======== PROVIDED DATA ========

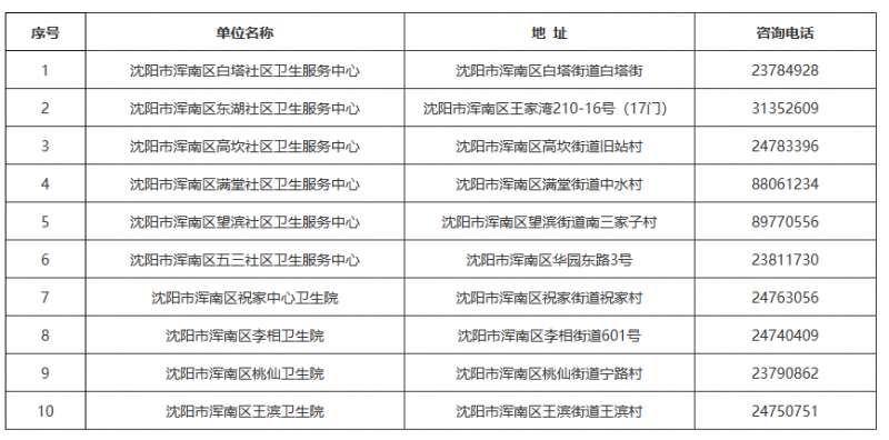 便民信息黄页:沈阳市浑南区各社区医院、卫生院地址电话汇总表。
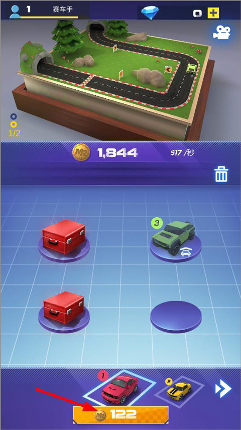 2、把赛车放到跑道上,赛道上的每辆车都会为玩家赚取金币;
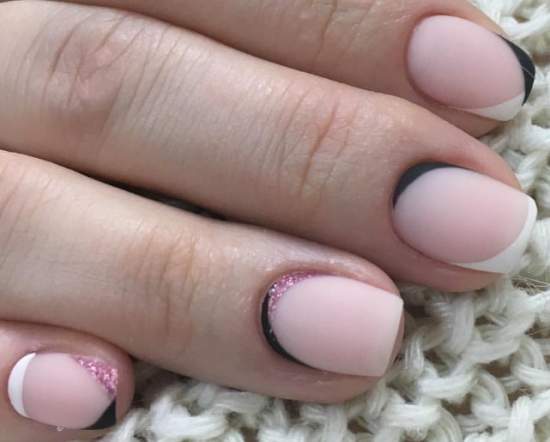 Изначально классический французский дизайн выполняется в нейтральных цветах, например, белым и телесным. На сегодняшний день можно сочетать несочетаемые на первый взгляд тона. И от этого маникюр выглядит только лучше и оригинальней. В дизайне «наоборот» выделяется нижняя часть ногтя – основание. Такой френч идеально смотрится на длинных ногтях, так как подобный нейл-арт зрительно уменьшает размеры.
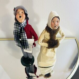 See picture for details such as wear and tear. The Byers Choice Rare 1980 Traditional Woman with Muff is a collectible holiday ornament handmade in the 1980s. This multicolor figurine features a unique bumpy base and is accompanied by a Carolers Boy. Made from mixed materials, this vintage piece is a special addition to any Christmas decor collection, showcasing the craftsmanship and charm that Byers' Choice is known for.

========
======== PROVIDED DATA ========

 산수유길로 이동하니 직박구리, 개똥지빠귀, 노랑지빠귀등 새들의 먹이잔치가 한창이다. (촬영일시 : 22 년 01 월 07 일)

========
======== PROVIDED DATA ========

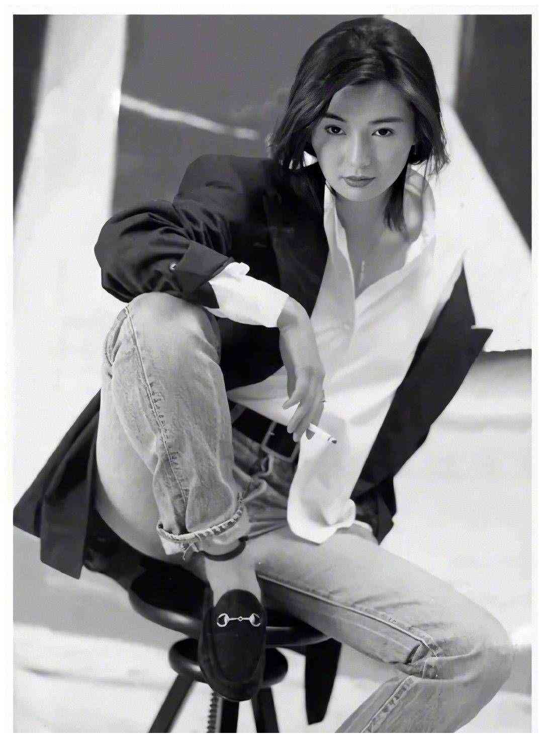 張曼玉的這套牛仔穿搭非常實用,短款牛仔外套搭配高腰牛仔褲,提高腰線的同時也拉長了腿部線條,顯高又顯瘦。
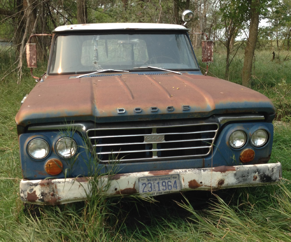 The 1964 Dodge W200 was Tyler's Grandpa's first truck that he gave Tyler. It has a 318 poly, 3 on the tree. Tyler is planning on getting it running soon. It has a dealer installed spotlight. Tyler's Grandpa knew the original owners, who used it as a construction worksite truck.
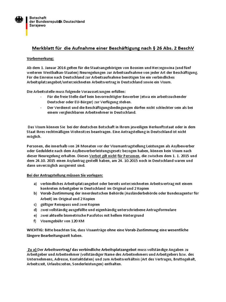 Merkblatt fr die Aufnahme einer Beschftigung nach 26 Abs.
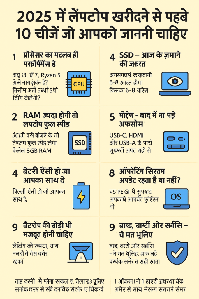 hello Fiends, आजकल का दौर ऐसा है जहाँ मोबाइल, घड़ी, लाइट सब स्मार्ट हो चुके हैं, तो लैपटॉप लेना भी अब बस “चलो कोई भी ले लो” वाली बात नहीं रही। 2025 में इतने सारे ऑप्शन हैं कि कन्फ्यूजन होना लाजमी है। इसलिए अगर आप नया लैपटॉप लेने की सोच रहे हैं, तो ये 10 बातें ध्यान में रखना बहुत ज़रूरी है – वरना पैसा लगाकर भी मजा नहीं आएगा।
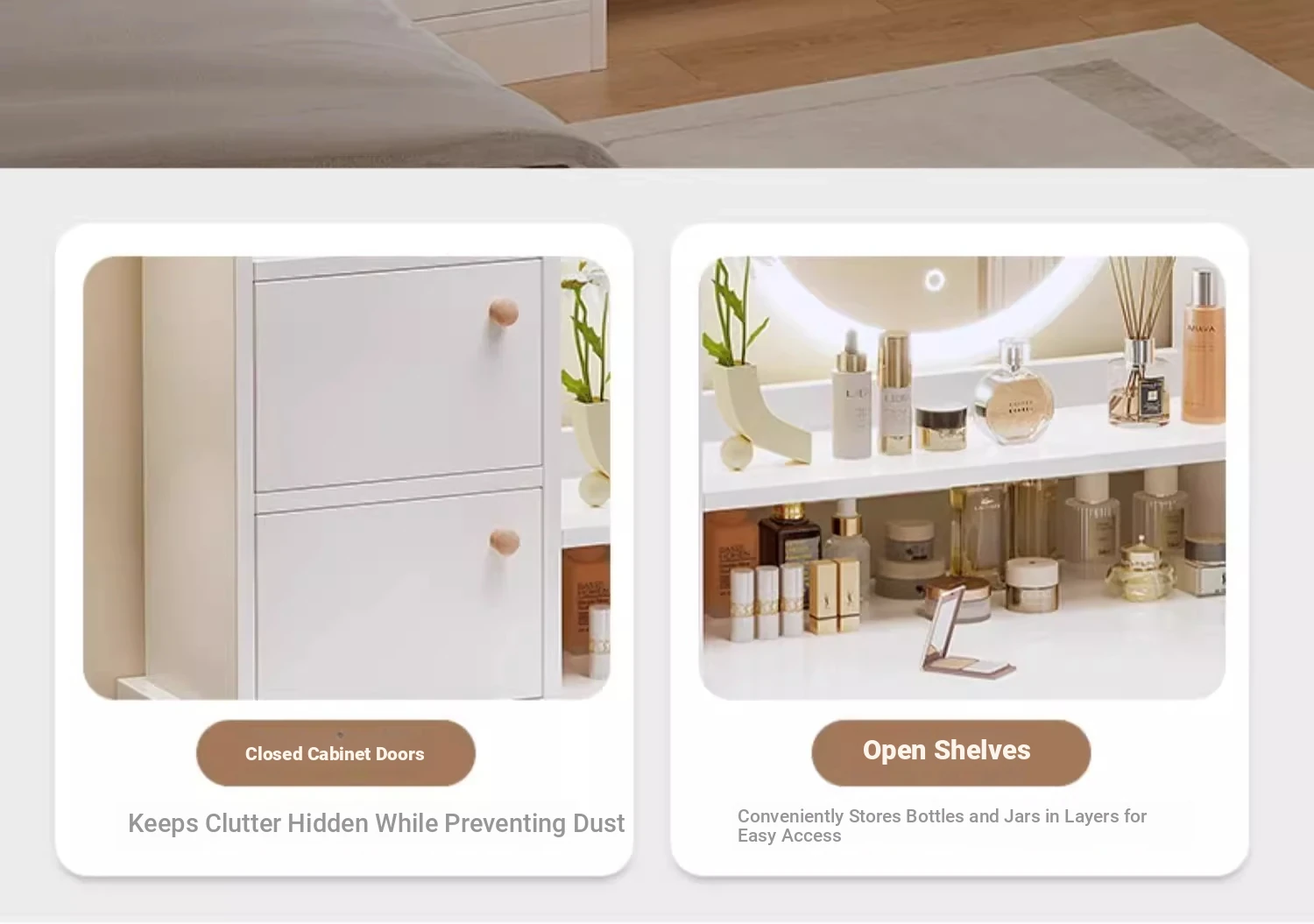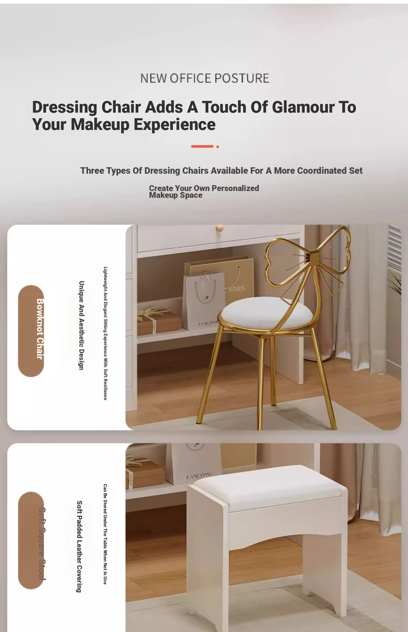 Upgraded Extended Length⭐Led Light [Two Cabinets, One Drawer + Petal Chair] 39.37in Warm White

========

■ **INSTRUCTIONS FOR THE TASK**
Of the lines above, copy only those from the one holding "便民信息黄页:沈阳市浑南区各社区医院、卫生院地址电话汇总表。" to the one holding "Изначально классический французский", both included, and exclude every image.

■ **YOUR SOLUTION**
 便民信息黄页:沈阳市浑南区各社区医院、卫生院地址电话汇总表。
 2、把赛车放到跑道上,赛道上的每辆车都会为玩家赚取金币;
 Изначально классический французский дизайн выполняется в нейтральных цветах, например, белым и телесным. На сегодняшний день можно сочетать несочетаемые на первый взгляд тона. И от этого маникюр выглядит только лучше и оригинальней. В дизайне «наоборот» выделяется нижняя часть ногтя – основание. Такой френч идеально смотрится на длинных ногтях, так как подобный нейл-арт зрительно уменьшает размеры.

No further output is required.